La trasfusione sbagliata
Quella sera, racconta, «ho tentato di rianimare la paziente per oltre 45 minuti. Abbiamo fatto il possibile, l’abbiamo intubata, abbiamo provato in ogni modo. Quando ormai non c’era più nulla da fare, è entrata l’infermiera. Era bianca in volto e molto triste. È stata lei a dirmi che c’era stata una trasfusione sbagliata». «Ho capito subito che era una cosa gravissima con ripercussioni legali – prosegue -. Ho chiamato subito i responsabili di reparto e il direttore sanitario». A quel punto, è stata convocata una riunione notturna che è durata dalle 2 alle 5 del mattino.
La riunione
Nel corso di quel confronto, ricorda ancora l’anestesista, «alcuni dirigenti e medici premevano perché non volevano che uscisse fuori la storia della trasfusione. Dicevano che si dovesse nascondere, perché sarebbe stato un disastro per tutti». A quel punto lei ha risposto che «non potevo guardare la famiglia negli occhi e non dire la verità. Ho insistito: “Non posso farlo”. Mi hanno detto: “Va bene, ci parliamo noi” . Ma c’era un altro problema: ero io ad aver tentato di rianimare la paziente, ero io che dovevo compilare l’Istat, la scheda in cui si indicano le cause del decesso. Mi hanno detto: “Devi firmarlo tu”, e volevano mettessi shock settico».
La nausea
Una richiesta che l’ha turbata sin da subito: «Avevo la nausea. Stavo malissimo. Ero lì con la penna in mano e guardavo quel foglio: “Non posso farlo” ho ribadito». Il disagio era accentuato dalla percezione di solitudine: «C’era chi premeva per nascondere la trasfusione e chi stava zitto ad ascoltare senza prendere parte alla discussione». Lei, dal canto suo, ha «provato a convincerli che non si poteva nascondere una cosa del genere. Un errore può succedere, per quanto grave, si può comprendere. Ma nasconderlo no, quello è imperdonabile».
Il rifiuto
E dunque, con la penna in mano, si è rifiutata di firmare. «Il direttore mi ha detto: “Allora lo firmo io”. Ma non potevano firmare la cartella clinica al mio posto e io avevo già iniziato a scrivere, prima della riunione. Poi abbiamo discusso ancora.

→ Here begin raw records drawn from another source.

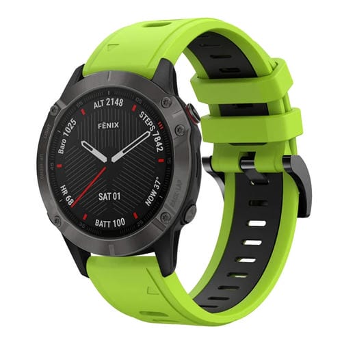 Banda de Reloj de Silicona Deportiva para Garmin Fenix 6 Sapphire GPS 22mm (Verde Lima + Negro)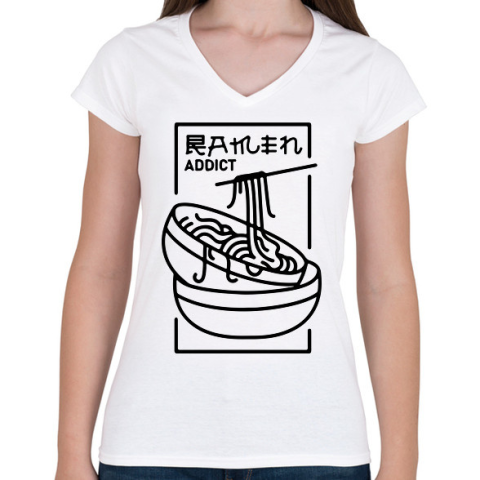 1 kép PRINTFASHION Ramen függő - Női V-nyakú póló - Fehér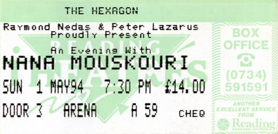 | 01.05.1994 | Reading | The Hexagon | GB | Ticket | O | |||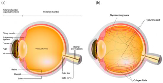 The eye primarily consists of two parts, an anterior and a posterior segment. The anterior segment is the smaller part of the eye which includes the cornea, conjunctiva, iris, pupil, aqueous humor and lens, while the posterior segment consists of sclera, choroid and retina surrounding the vitreous chamber filled with vitreous humor [3], as shown in Figure 1a. Vitreous humor is a transparent gel like matrix occupying two-third of the volume of the eye. The vitreous is highly hydrated comprising of over 98% of water, with 15–20 wt% of total water bound to proteins and Glycosaminoglycans (GAGs) [4,5]. The most abundant insoluble protein found in the vitreous is collagen, which builds a three-dimensional framework within the vitreous gel. Amongst the various collagen types present in the vitreous, type II collagen is found to be the most extensive in the vitreous (65%), followed by type IX (25%), type V/XI (10%), and type IV (<10%) [6], as shown in Table 1 and Figure 1b. On the other hand, GAGs constitute the other important component of the vitreous (Figure 1b). Three types of GAGs are present, mainly hyaluronic acid (HA) and with much lower concentration chondroitin sulfate (CS) and heparan sulfate (HS) [7]. HA is considered as a crucial element in determining the viscosity of the vitreous due to its massive size (molecular weight of 100,000–10,000,000 DA), while CS is a sulfated GAG and is generally linked to proteins as a part of a proteoglycan. It is present in the vitreous in the form of two proteoglycans: type IX collagen and versican. It helps in sustaining the structural integrity of the tissue [6,8]. Lastly, HS is present in small quantities in the vitreous and helps in maintaining adequate distance between the collagen fibrils [9]. The viscoelastic property of the vitreous is determined by the organization of hyaluronic acid between the interstices of long collagen fibrils suspended in the vitreous [10].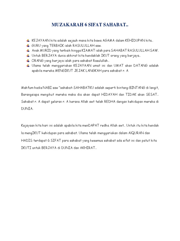 Doc Muzakarah 6 Sifat Sahabat Muaz Nahar Academia Edu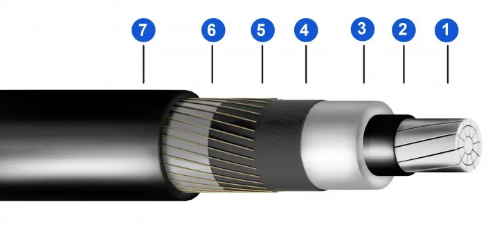 2. Blindagem do condutor: Camada de composto termofixo semicondutor.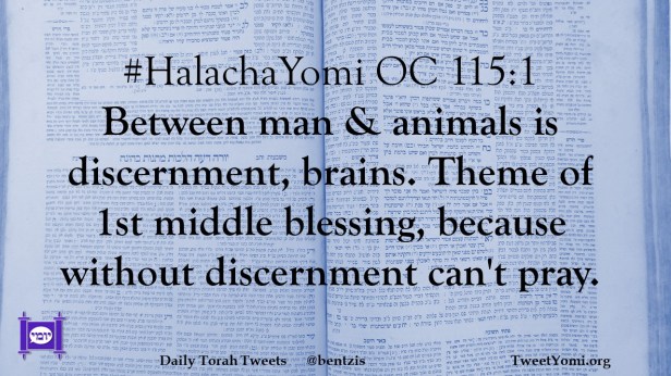 #HalachaYomi OC 115:1 Between man & animals is discernment, brains. Theme of 1st middle blessing, because without discernment can’t pray.

Ci ho pensato bene. Ero io, con la penna e quel foglio davanti. Ho pensato alla mia coscienza e alla Bibbia. E ho detto di no». Alla fine, racconta ancora, «si sono arresi. Un manager mi ha detto: se lei non è d’accordo a nascondere la cosa, dobbiamo dire la verità». Ma la decisione ha avuto delle conseguenze. «Mi è stato detto da un responsabile: “Non voglio lavorare con gente come te. Quindi domani mi dimetto”». Anche se alla fine, non l’ha fatto.
La vergogna e il silenzio
«Io quella notte sono andata a casa piangendo – ricorda ancora l’anestesista -. Provavo un gran senso di vergogna nel lavorare con persone che per me tradivano anche il senso dell’essere medici. Due giorni dopo, intorno a me c’era solo silenzio. Immaginavo mi mandassero via. Due settimane dopo mi hanno convocato in direzione. Mi hanno detto che ero un’incapace e che mi trasferivano di reparto. Ho risposto che non ero nata ieri e che sapevo bene che era per via di quello che era successo, della trasfusione. Mi hanno detto di no, che non era per quello».
La ricerca di giustizia
Il momento era delicato: «Mi dovevo sposare dopo un mese e mezzo. Perdere il lavoro in quel momento era terribile. Ma sentivo che non potevo rimanere lì. Ho scelto di andarmene, anche se la responsabile dell’anestesia non voleva. Nel giro di poco tempo per fortuna, ho trovato un posto a Torino e ora sono serena». Quello che è successo, però, a suo avviso rimane «gravissimo. Io non volevo far finire nessuno nei guai, e non ho denunciato io. Ho pensato: se qualcuno mi chiederà cosa è successo, racconterò la verità. E così ho fatto, quando mi hanno chiamato i carabinieri. Mi guardo allo specchio e non ho niente da nascondere. Quando ho scelto medicina, ho scelto di aiutare gli altri. Non ho fatto nulla di eccezionale, ma è molto triste. E spero che venga fatta giustizia».